When to Talk to a Doctor
You should talk to a healthcare provider if you experience symptoms that may suggest central sleep apnea, especially if they occur frequently or disrupt your sleep. Common signs include repeated nighttime awakenings, shortness of breath during sleep, excessive daytime sleepiness, difficulty concentrating, and morning headaches.
It’s also important to seek medical advice if you have underlying conditions linked to central sleep apnea, such as heart failure, kidney failure, a history of stroke, neurological disease, or if you take medications that affect breathing, including opioids. A healthcare provider can review your symptoms, medical history, and risk factors and determine whether a sleep study or further evaluation is needed to guide appropriate treatment.
Frequently Asked Questions
Can central sleep apnea be cured?
Is central sleep apnea dangerous?
Does Inspire work for central sleep apnea?

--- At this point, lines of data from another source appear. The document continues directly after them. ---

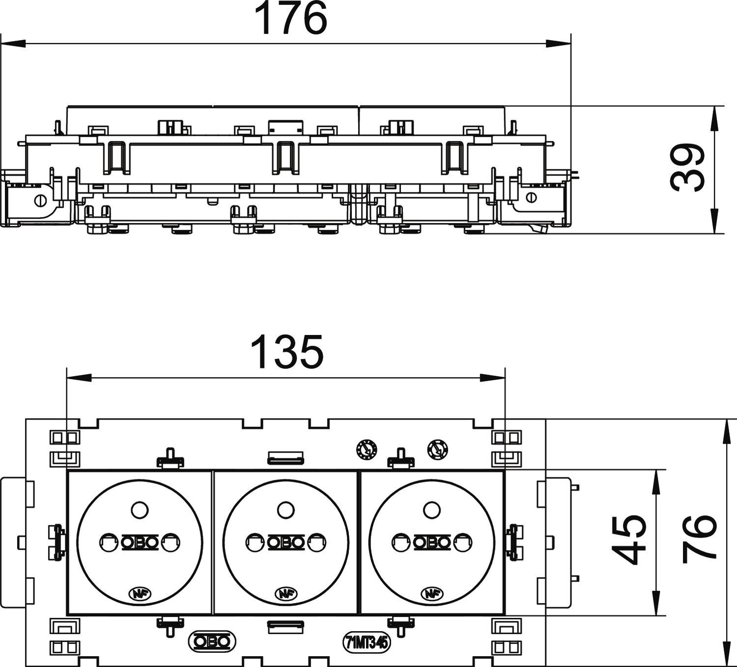 Para a instalação em calhas Rapid 45, calhas de montagem de aparelhos, colunas de distribuição, sistemas de chão e Deskbox.
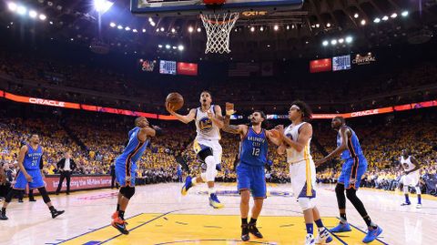 19 may 2016 . Actualizado a las 10:58 h.La inspiración en el juego individual llegó de nuevo de la mano del base Stephen Curry, que superó una caída entre los espectadores y se convirtió en la gran figura que permitió a los Warriors de Golden State vencer por 118-91 a los Thunder de Oklahoma City en el segundo partido de la serie de finales de la Conferencia Oeste de la NBA. Curry, que aportó 28 puntos, incluidos 17 tantos en menos de cinco minutos, cumplió con su promesa que los Warriors demostrarían en el segundo partido la clase de equipo campeón que defiende el título de liga. «Dije que no esperaba la hora de volver al campo después de haber perdido el primer partido y que íbamos a demostrar el carácter y la clase que hay dentro del equipo», declaró Curry al concluir el segundo partido, que les permitió empatar a 1-1 la serie que disputan al mejor de siete. «Mi caída entre el público no tuvo mayor importancia, mi mente estaba puesta solo en hacer todo lo necesario para ganar el partido».
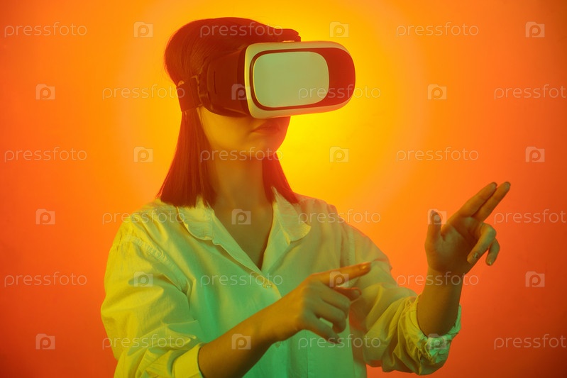 Студентка в VR гарнитуре, указывающая на виртуальный дисплей во время презентации
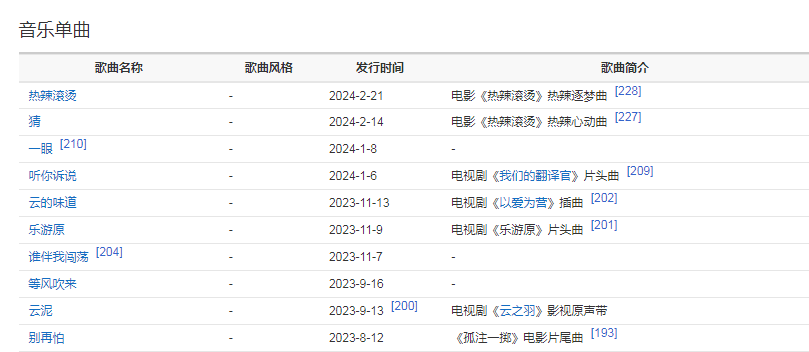 2024年1月1日,參加《揚(yáng)帆遠(yuǎn)航大灣區(qū)——2024新年音樂會(huì)》,與炎明熹一起演唱歌曲《刀劍如夢(mèng)》《江湖笑》; 1月6日,演唱電視劇《我們的翻譯官》片頭曲《聽你訴說》;1月8日,發(fā)布單曲《一眼》; 1月,參加《2023微博之夜》,并和伯遠(yuǎn),劉宇,米卡,許佳琪一起表演《第一天》; 1月25日,參加《2024山東春節(jié)聯(lián)歡晚會(huì)》;1月27日,參加《航天之夜》;2月2日,參與演出的《中央廣播電視總臺(tái)2024網(wǎng)絡(luò)春晚》在愛奇藝播出,演唱歌曲《365個(gè)祝福》;2月3日,參與演出的《同心向未來——2024中國網(wǎng)絡(luò)視聽年度盛典》播出,并表演節(jié)目《沙與?!?。2月4日,參加2024年央視特別節(jié)目《新春非遺之夜》,與黃齡演唱歌曲《國色》。2月5日,參加央視節(jié)目《“經(jīng)典之夜”年度盛典》,演唱歌曲《絨花》 ;2月7日,參加《2024山東春節(jié)聯(lián)歡晚會(huì)》,表演歌曲《父親寫的散文詩》《龍的傳人》;2月9日,參加《龍騰虎躍·中國年味》,演唱歌曲《人間好時(shí)節(jié)》 ;同日,參加《2024年中央廣播電視總臺(tái)春節(jié)聯(lián)歡晚會(huì)》,合作表演節(jié)目《流行勁曲串燒》;2月10日,參加《2024年江蘇衛(wèi)視春節(jié)聯(lián)歡晚會(huì)》;同日,參加《百花迎春——中國文學(xué)藝術(shù)界2024春節(jié)大聯(lián)歡》,表演節(jié)目《驍》 ;2月24日,加盟《2024江蘇衛(wèi)視元宵晚會(huì)》,演唱歌曲《別為難星星》。
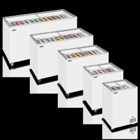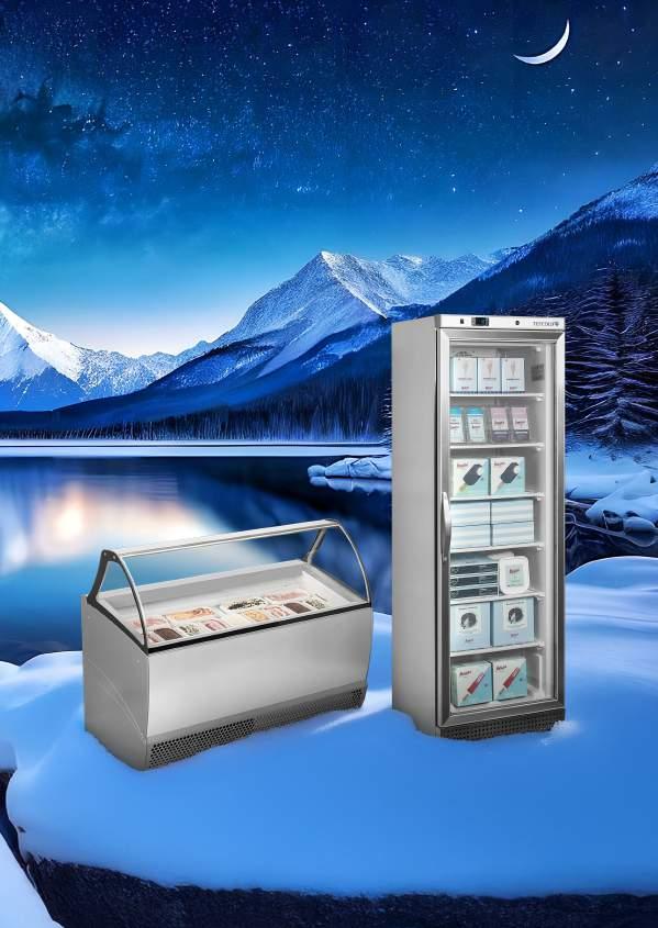 Se recomienda mantener los productos congelados entre -18 / -22°C, aunque algunos helados pueden mantenerse a -14°C para facilitar el servicio. También suministramos congeladores más especializados que pueden alcanzar hasta -45°C.
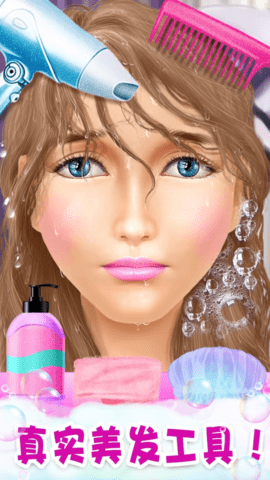 1、你自己在游戏中首先可以使用剪刀,给白雪公主设计一个完美的发型。
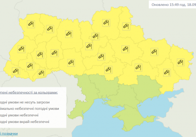 На Тернопільщині оголосили жовтий рівень небезпеки
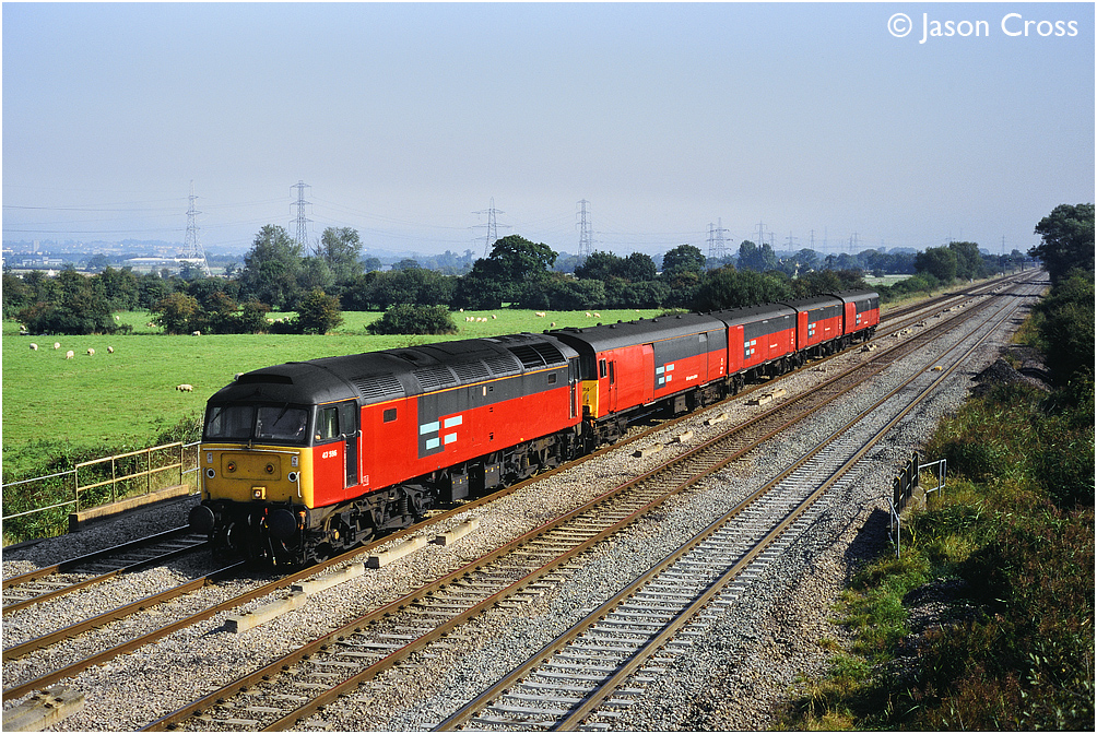 47596 passes Coedkernew with the 5M06 1025 Bristol Temple Meads to Swansea empty mail vans. Date: 18 September 1997

Inspire therapy is not approved or recommended for treating central sleep apnea. Inspire is designed to treat obstructive sleep apnea by stimulating airway muscles to prevent collapse, but it does not address the brain signaling issues that cause breathing pauses in central sleep apnea.
If more than 25% of someone’s sleep apnea episodes are central in nature on their diagnostic sleep study, this is a contraindication to the placement of Inspire.
Is central sleep apnea hereditary?
Central sleep apnea isn't usually considered hereditary, but genetics may play a small role in conditions that increase risk, such as certain neurological or cardiac disorders. Most cases of central sleep apnea are associated with underlying medical conditions, medications, or changes in breathing regulation rather than being passed directly from parent to child.